NexGenData

Posted on Jun 2

Citation Analysis at Scale: Track Research Trends with Semantic Scholar Data

#python #api #datascience #tutorial

The research landscape moves faster than any single researcher can keep up with.

You might spend weeks reading the 20 papers everyone cites on neural architecture search, only to miss the emerging thread on efficient fine-tuning that's building momentum in parallel.

Academic databases exist, but they're designed for individual researchers searching one query at a time. If you're trying to map an entire field—understand who's influential, what problems are being solved, what direction the consensus is moving—you need a different approach.

You need to see the citation network itself.

Citation patterns reveal research trajectories months before the average researcher catches on. Papers that are being cited heavily in new contexts are signaling emerging importance. Authors whose work appears across multiple subfields are bridges between communities. Venues where groundbreaking work clusters reveal where innovation is concentrating.

I'll show you how to scrape and analyze citation data at scale to map a research landscape, identify influential work, and spot emerging trends before they hit mainstream awareness.

What Citation Networks Tell You

A citation network is just a directed graph: papers point to papers they reference.
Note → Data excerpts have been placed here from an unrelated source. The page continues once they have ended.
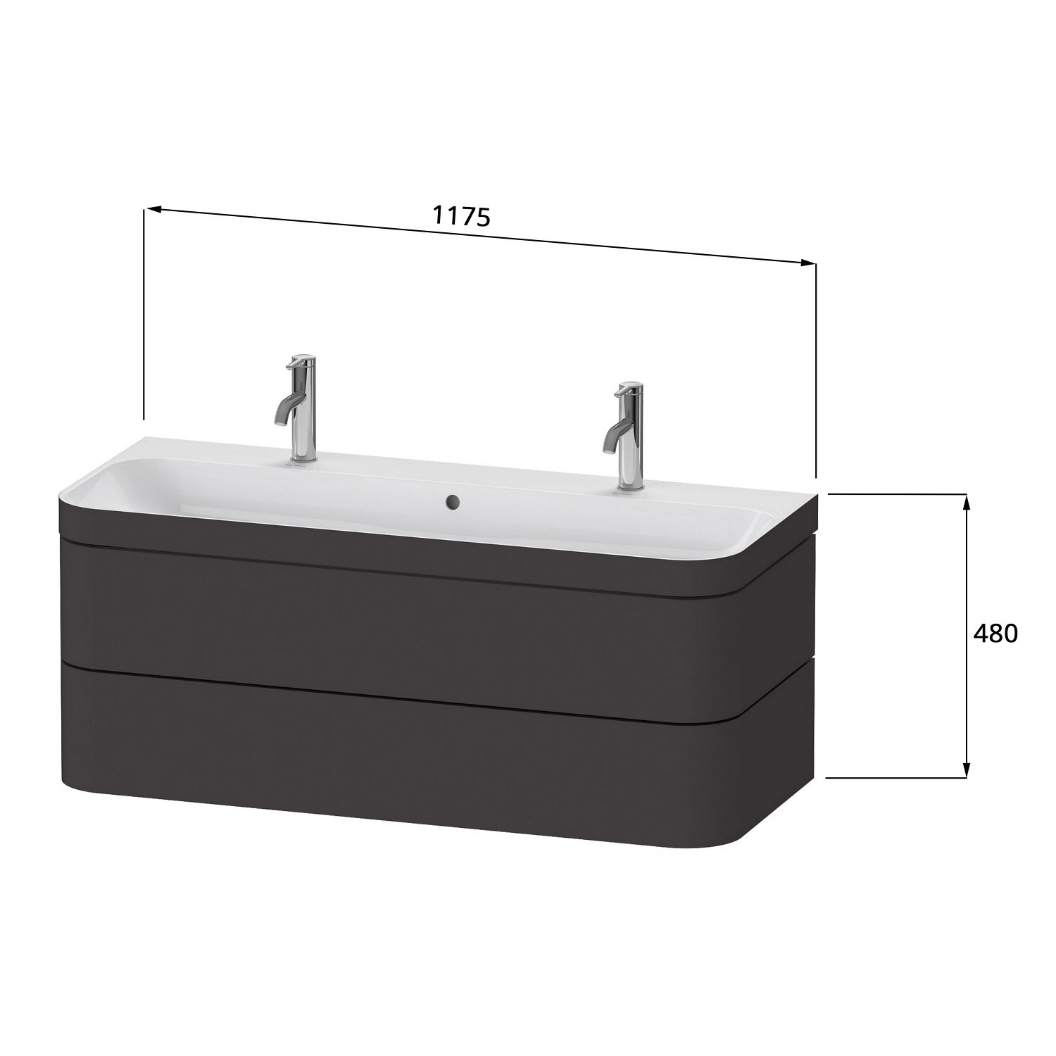 Duravit Happy D.2 Plus c-bonded Waschtisch mit 2x 1 Hahnloch, mit Unterschrank 117,5 x 49 cm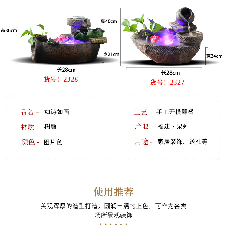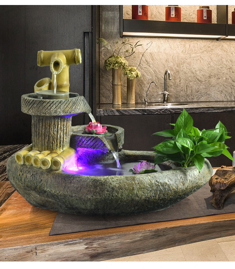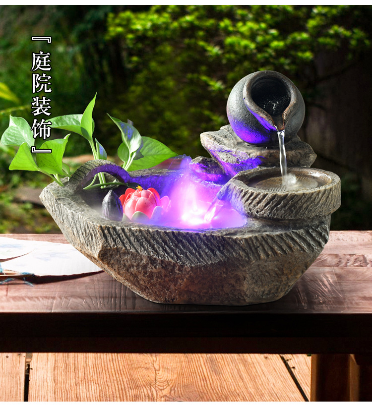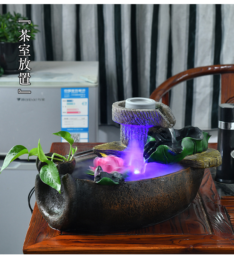 홈 장식 데스크탑 흐르는 물 장식 실내 마이크로 조경 조경 원자화 가습기 Rockery 석재 공장 목회 분수스토어 가기
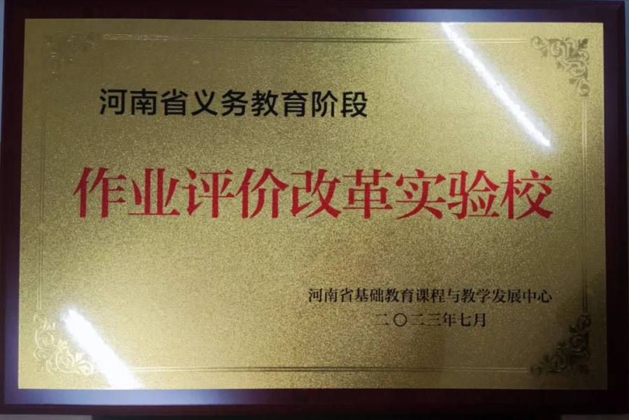 2023年7月,河南省基础教育课程与教学发展中心印发《关于确定河南省义务教育阶段作业评价改革实验校的通知》(豫基课程字〔2023〕20 号),我校喜获“河南省义务教育阶段作业评价改革实验校”荣誉称号。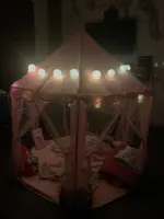 According to the publication, it is a little house that is decorated with lights, which I also bought, it comes complete and clean. I won’t be able to assemble it because it’s for a gift. 🎁 until the end of October and I hope the parents and the little girl like it. Thank you, I recommend, excellent store and seller.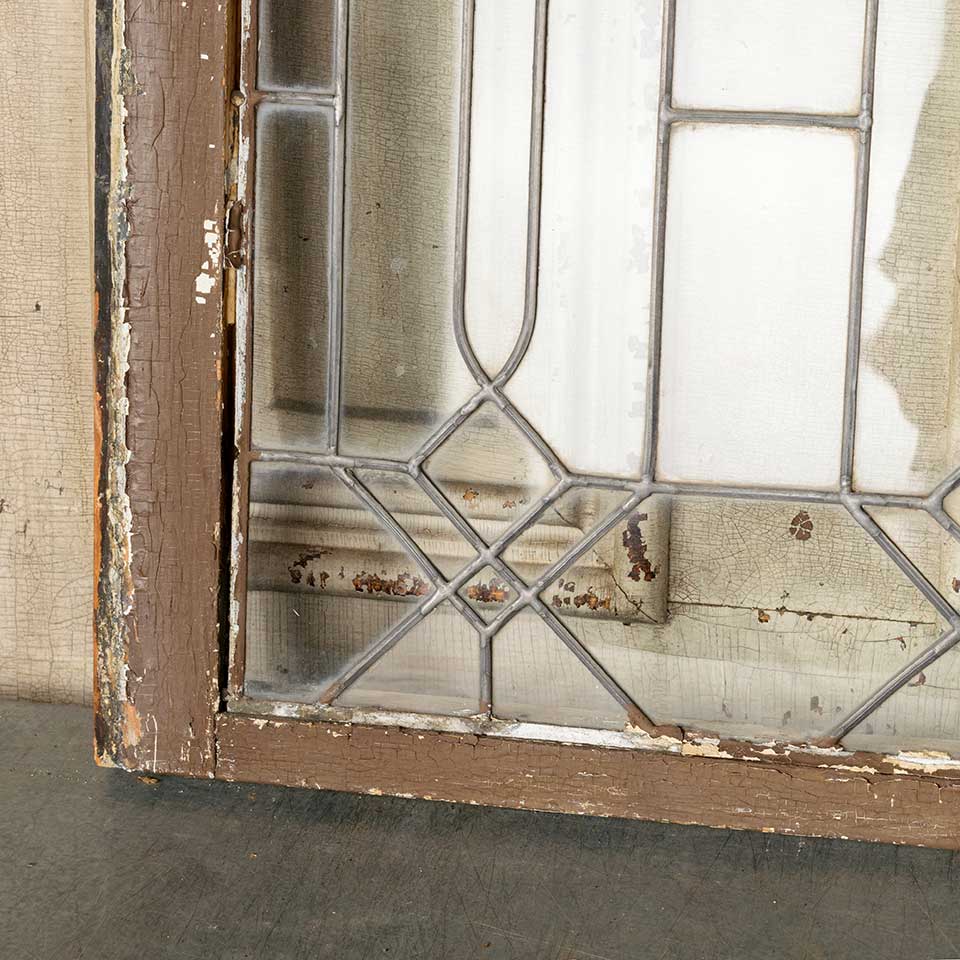 Architectural salvage antique leaded glass window measuring approx. 23 3/8" wide x 20 1/4" tall x 1 3/8" thick. See photos to evaluate condition.

But the structure of that graph reveals everything about a research field.

High in-degree papers (frequently cited) = foundational or benchmark work

Not always the newest papers
Often older foundational work
Tells you the field's consensus baseline

High out-degree papers (cite many others) = comprehensive reviews

Survey papers, literature reviews
Map the landscape comprehensively
Good starting point for understanding a field

High clustering coefficient (papers that cite each other) = tight research subcommunities

Multiple papers citing the same references suggests a cohesive group
Different clusters in the same field = parallel research tracks
Bridges between clusters = pivotal papers connecting different subfields

Citation velocity (how many new citations per month) = current momentum

Old papers accumulate citations slowly now (baseline noise)
Recent papers gaining citations quickly = emerging importance
A 2025 paper already cited 50 times = likely significant

Author co-citation patterns = research influence and networks

Frequently cited together = established working relationships
Cited together but in different contexts = influence spanning multiple areas
Sudden co-citation increase = collaboration beginning

These patterns take months to notice by reading papers manually. The data reveals them instantly.

The Data Structure

The Apify Google Scholar Scraper returns structured research data. Here's what a typical query output looks like:

{
  "papers": [
    {
      "id": "gs_paper_2024_001",
      "title": "Efficient Fine-Tuning of Large Language Models",
      "authors": [
        {"name": "Alice Chen", "id": "scholar_alice"},
        {"name": "Bob Kumar", "id": "scholar_bob"}
      ],
      "year": 2024,
      "citationCount": 187,
      "venue": "NeurIPS",
      "abstract": "We propose parameter-efficient methods for adapting...",
      "references": [
        {"paperId": "gs_paper_2023_042", "title": "LoRA: Low-Rank..."},
        {"paperId": "gs_paper_2023_015", "title": "Adapters for..."}
      ],
      "citedBy": [
        {"paperId": "gs_paper_2024_089", "title": "Scaling Efficient..."},
        {"paperId": "gs_paper_2024_102", "title": "Evaluating Parameter..."}
      ]
    },
    {
      "id": "gs_paper_2023_042",
      "title": "LoRA: Low-Rank Adaptation of Large Language Models",
      "authors": [{"name": "Edward Hu", "id": "scholar_edward"}],
      "year": 2023,
      "citationCount": 2847,
      "venue": "ICLR",
      "abstract": "We propose low-rank decomposition for parameter-efficient...",
      "references": [...],
      "citedBy": [...]
    }
  ],
  "metadata": {
    "query": "efficient fine-tuning",
    "resultsCount": 1204,
    "yearRange": "2020-2024"
  }
}

With this structure, you can immediately analyze the research landscape.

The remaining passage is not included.